Anticipating the inevitable: Pre-mortem and defense in depth
The next outage is already taking shape, hidden until the first alert. It might hide in a supply chain flaw inside a trusted IOS-XR patch, quietly altering routes worldwide. Or it could stem from a single flawed intent policy in an ACI fabric, isolating entire application layers with surgical precision. External forces like wildfires, floods or geopolitical events can force data center evacuations, knocking out power grids and delaying generators for hours. The 2021 Fastly global outage — triggered by one valid config change exposing a hidden bug — shows how fast a CDN can collapse. These scenarios are not speculation; they are probabilities waiting to strike, each with its own failure signature.
Experience reframes the question. Failure is inevitable in infrastructure work. What matters is how it unfolds, how precisely and whether the design anticipates that exact failure mode. Resilience now means shaping failure’s impact, not stopping it. This mindset demands a new ritual: the pre-mortem. In every design review, we assume total failure at peak load. We trace dependencies — transit providers, certificate authorities, undersea cables, even physical access roads. We hunt for shared fate: two “diverse” carriers in the same conduit, a single control plane for multi-region DNS or a vendor update applied globally without validation. Each discovery triggers action: a new peer, a policy rewrite, a satellite link or a dark fiber lease. AWS recommends pre-mortems in its Reliability Pillar.

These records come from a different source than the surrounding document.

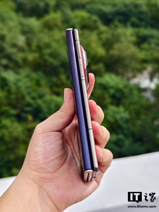 在双屏态下,Mate XT 非凡大师的屏幕尺寸为 7.9 英寸,分辨率为 2232 × 2048,机身厚端 7.45mm、薄端 4.75mm,此时手机握持时的重量感就已经大大化解了。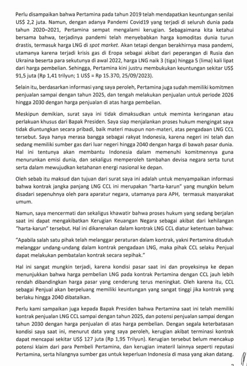 Perlu kami sampaikan juga kepada Bapak Presiden bahwa Pertamina saat ini telah memiliki kontrak penjualan LNG CCL sampai dengan tahun 2025, dan potensi penjualan sampai dengan tahun 2030 dengan harga penjualan di atas harga pembelian. Dengan segala keterbatasan kondisi saya saat ini, menurut data yang saya peroleh, kerugian akibat terminasi kontrak dapat mencapai sekitar US$ 127 juta (Rp 1,95 Trilyun). Kerugian tersebut belum mencakup potensi klaim dari para Pembeli Pertamina, dan kerugian imateril lainnya seperti reputasi Pertamina, serta hilangnya sumber gas untuk keperluan Indonesia di masa yang akan datang.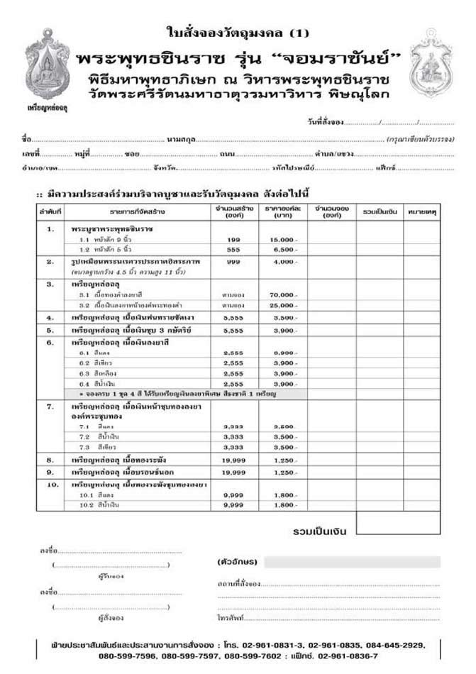 รายการที่ 6 เหรียญฉลุยกองค์พระพุทธชินราช "จอมราชันย์" เนื้อเงินลงยาราชาวดี สีแดง (รายการ 6.1), สีเขียว (รายการ 6.2), สีเหลือง (รายการ 6.3) หรือ สีน้ำเงิน (รายการ 6.4) ราคาเหรียญละ 3900 บาท จะได้รับพระพุทธชินราช พิมพ์แต่งฉลุลอยองค์ เนื้อนวโลหะ ราคา 1900 บาท ฟรีครับ
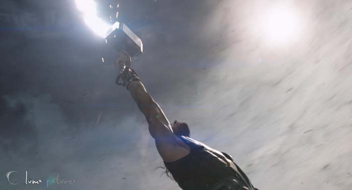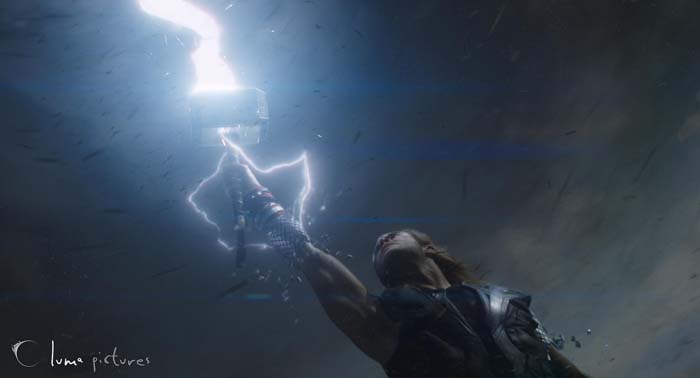 Esta fue la tercera película completa para nosotros usando el software de renderizado Arnold, y continuamos desarrollando nuestras herramientas y técnicas alrededor de este emocionante renderizado. Para acelerar el flujo de trabajo durante nuestra fase de desarrollo del aspecto, desarrollamos un sistema de captura de iluminación para ejemplos de renderizado, y modificamos la traducción de un gran número de objetos. Para las escenas de exterior, con un gran volumen de nubes, reconstruimos un sistema de construcción de nubes mejorado basándonos en los fluidos de Maya. Hubo varias escenas de Thor generando un tornado, que nos dieron la oportunidad de pulir y mejorar algunas de nuestras cosas de FumeFX y Maya.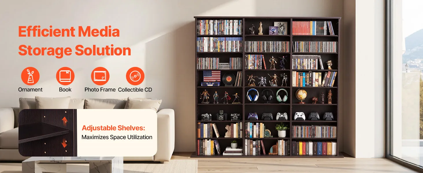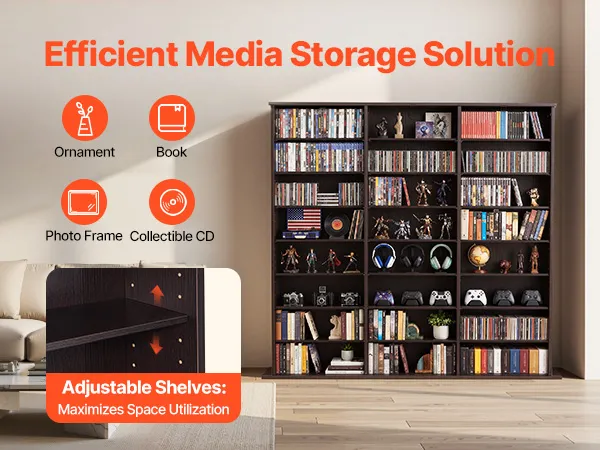 Flexible Aufbewahrung: Unser Medienregal verfügt über verstellbare Einlegeböden, deren Höhe an verschiedene Größen angepasst werden kann. Passen Sie die Aufteilung flexibel an Ihre Sammlungen an und nutzen Sie den Platz optimal aus, während alles ordentlich und übersichtlich präsentiert wird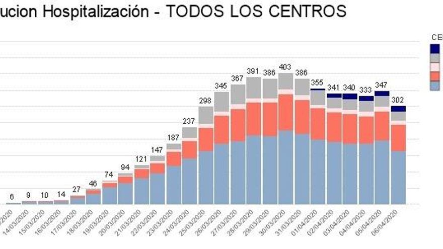 De total de las 302 personas hospitalizadas, 165 se encuentran en el Hospital Universitario Marqués de Valdecilla (31 en la Unidad de Cuidados Intensivos); 18 en el Hospital de Liencres; 79 en el Hospital Comarcal de Sierrallana (9 en la Unidad de Reanimación y Cuidados Críticos); 27 en el Hospital de Laredo y 13 en el Hospital Tres Mares.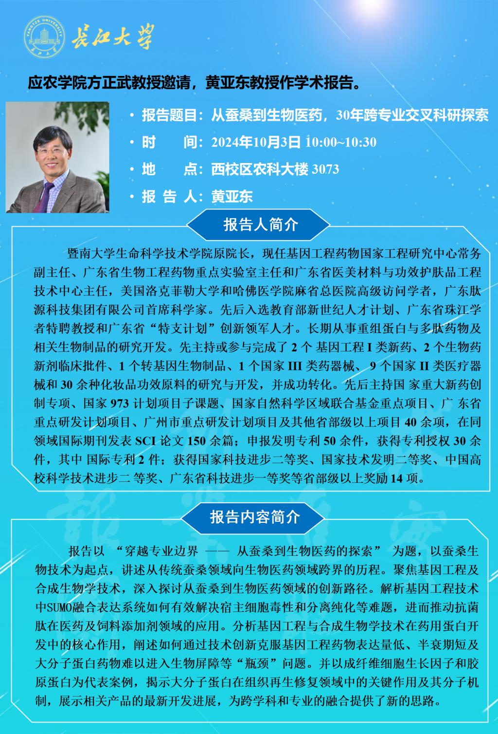 77779193永利官网2024年学术报告(十七):从蚕桑到生物医药,30年跨专业交叉科研探索

Two years ago, I sat in a dim network operations center at 3 a.m., cold coffee forgotten, as one BGP update spread chaos via a global transit provider. A peer leaked a default route with lower preference, sucking outbound traffic into oblivion. The backup path was fully functional, yet our policy still favored the tainted route. For 17 minutes, half the internet vanished for users. Customers raged. Executives demanded answers. A swift prefix filter fixed it, but the lesson lingered: redundancy requires not just a second path, but intelligence to choose it wisely and reject the wrong one. That night, I rewrote our change process: no routing policy touches production without simulation, peer review and automated testing.